All in all, translating this environmental nonfiction book was a like microcosm of the practice of translation. It required me to wear several hats simultaneously. I needed my science hat, as I researched, studied and consulted experts and highly-specialized glossaries and dictionaries. I needed my literary hat while conveying the author’s worldview, poetics and writing style, and capturing a lay readership’s interest in the story. I also needed my cultural broker’s hat, bridging sociopolitical differences and uniting a varied readership that spans as wide as the birds’ annual migration. Come to think of it, wearing multiple hats simultaneously is part and parcel of every translator’s daily work. I strongly believe that the key to a well-done job is to know when and how to move in and out of these different roles and to reflect on why.
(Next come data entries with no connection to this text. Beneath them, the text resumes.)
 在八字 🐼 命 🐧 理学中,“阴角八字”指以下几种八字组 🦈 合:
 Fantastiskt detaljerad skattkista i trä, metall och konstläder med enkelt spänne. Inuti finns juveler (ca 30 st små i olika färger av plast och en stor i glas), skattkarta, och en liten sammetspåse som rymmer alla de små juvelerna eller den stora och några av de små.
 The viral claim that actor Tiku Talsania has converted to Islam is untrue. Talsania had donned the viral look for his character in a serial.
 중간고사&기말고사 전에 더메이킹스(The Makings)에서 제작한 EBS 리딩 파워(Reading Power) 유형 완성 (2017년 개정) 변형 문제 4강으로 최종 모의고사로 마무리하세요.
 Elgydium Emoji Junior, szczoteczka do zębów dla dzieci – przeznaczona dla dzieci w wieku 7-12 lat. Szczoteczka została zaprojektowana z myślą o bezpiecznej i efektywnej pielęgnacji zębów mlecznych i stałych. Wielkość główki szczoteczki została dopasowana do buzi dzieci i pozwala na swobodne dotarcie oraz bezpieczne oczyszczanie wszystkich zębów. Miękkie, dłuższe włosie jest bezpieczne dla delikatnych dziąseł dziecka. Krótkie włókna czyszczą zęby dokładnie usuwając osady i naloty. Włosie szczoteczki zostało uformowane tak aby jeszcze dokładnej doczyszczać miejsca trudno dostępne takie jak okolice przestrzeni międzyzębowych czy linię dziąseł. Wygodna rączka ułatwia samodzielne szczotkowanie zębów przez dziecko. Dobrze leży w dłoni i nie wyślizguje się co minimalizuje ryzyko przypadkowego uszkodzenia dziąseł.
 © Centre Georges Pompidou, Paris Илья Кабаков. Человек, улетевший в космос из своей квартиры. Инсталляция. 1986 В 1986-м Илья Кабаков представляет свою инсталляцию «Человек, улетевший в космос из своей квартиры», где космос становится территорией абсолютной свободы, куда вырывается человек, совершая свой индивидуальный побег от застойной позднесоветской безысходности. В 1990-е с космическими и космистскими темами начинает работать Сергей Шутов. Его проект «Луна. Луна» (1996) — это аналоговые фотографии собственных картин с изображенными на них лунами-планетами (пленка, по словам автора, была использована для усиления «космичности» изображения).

Presenting a talk about this topic at the December 2018 General Meeting for the Northern California Translators Association.

References

Cramer, Deborah. The Narrow Edge: A Tiny Bird, An Ancient Crab and an Epic Journey. New Haven-London: Yale University Press, 2015.

Cramer, Deborah. Volando a orillas del mar: El viaje épico de un ave playera que une continentes. Buenos Aires: Vázquez Mazzini Editores, 2018.